__Dataset content__.
::::::

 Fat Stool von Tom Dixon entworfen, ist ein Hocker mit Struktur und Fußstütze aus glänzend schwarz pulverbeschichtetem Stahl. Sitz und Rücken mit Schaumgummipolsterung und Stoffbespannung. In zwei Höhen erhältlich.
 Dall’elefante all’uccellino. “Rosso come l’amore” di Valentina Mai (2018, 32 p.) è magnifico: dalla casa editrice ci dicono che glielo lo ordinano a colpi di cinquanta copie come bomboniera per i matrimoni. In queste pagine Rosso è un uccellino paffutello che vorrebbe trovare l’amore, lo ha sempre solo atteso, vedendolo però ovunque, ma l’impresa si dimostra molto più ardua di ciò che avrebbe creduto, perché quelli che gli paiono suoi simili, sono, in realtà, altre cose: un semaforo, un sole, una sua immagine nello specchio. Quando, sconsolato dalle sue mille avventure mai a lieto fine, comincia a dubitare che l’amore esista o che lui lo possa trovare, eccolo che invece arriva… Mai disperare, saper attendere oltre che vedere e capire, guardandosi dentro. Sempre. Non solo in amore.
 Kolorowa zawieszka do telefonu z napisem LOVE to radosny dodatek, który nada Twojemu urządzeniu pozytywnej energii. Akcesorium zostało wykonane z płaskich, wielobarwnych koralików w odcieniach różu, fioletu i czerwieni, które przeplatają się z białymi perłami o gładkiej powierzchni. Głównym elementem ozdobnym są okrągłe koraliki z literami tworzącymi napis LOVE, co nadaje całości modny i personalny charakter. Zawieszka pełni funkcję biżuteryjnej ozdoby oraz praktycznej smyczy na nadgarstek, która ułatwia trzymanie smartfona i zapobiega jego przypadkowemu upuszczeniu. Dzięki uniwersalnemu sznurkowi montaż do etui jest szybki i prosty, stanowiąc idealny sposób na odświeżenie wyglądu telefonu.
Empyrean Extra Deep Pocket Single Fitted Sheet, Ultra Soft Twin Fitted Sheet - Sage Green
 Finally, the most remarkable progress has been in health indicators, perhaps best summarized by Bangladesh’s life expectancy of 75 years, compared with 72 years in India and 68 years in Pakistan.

::::::

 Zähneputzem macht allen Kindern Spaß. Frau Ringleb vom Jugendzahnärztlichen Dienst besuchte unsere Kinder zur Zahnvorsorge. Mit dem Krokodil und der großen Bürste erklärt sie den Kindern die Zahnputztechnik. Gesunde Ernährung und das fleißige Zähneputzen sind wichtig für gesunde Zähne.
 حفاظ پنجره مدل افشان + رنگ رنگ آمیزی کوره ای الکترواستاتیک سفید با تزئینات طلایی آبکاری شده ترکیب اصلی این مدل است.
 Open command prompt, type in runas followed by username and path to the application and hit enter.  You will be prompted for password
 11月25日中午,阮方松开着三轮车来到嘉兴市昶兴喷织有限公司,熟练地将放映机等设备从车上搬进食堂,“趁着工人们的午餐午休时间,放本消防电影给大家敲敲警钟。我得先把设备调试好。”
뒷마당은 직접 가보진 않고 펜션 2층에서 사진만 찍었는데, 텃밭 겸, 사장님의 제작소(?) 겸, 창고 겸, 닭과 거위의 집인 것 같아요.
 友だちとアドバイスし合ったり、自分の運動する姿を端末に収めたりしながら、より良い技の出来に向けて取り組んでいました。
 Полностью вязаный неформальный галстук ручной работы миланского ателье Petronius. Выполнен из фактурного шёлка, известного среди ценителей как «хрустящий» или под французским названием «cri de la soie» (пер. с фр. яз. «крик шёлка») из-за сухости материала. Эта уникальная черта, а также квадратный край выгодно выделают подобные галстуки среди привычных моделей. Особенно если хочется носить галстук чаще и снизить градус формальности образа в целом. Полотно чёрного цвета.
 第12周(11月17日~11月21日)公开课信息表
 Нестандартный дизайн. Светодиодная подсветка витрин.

::::::

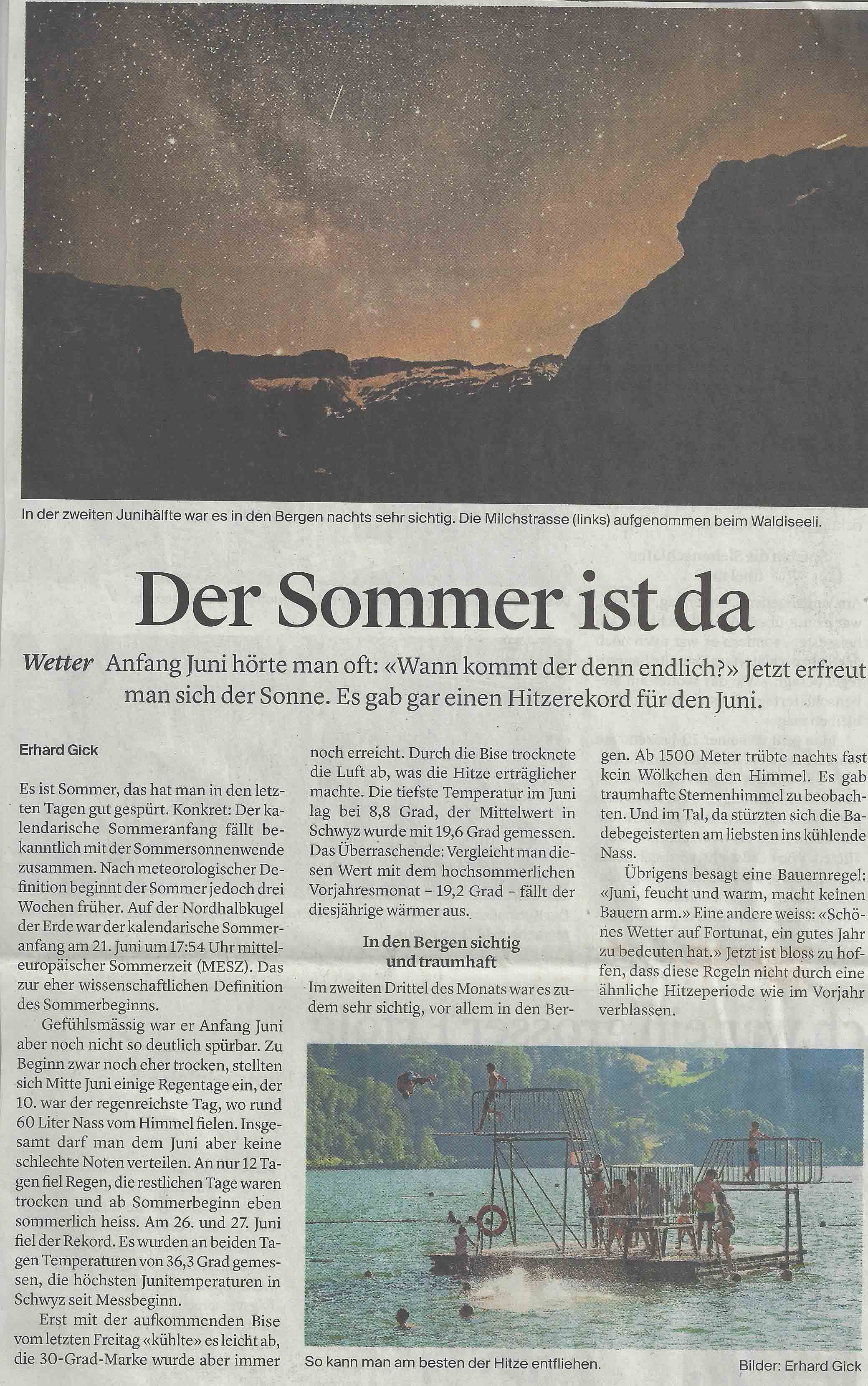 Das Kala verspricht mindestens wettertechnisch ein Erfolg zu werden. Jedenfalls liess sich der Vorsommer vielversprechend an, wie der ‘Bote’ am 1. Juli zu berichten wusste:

::::::

__Task goal__.
Using the data above, print exactly the lines from the line that contains "Empyrean Extra Deep" through the line that contains "Finally, the most", with both included.

__Exercise response__.
Empyrean Extra Deep Pocket Single Fitted Sheet, Ultra Soft Twin Fitted Sheet - Sage Green
 Finally, the most remarkable progress has been in health indicators, perhaps best summarized by Bangladesh’s life expectancy of 75 years, compared with 72 years in India and 68 years in Pakistan.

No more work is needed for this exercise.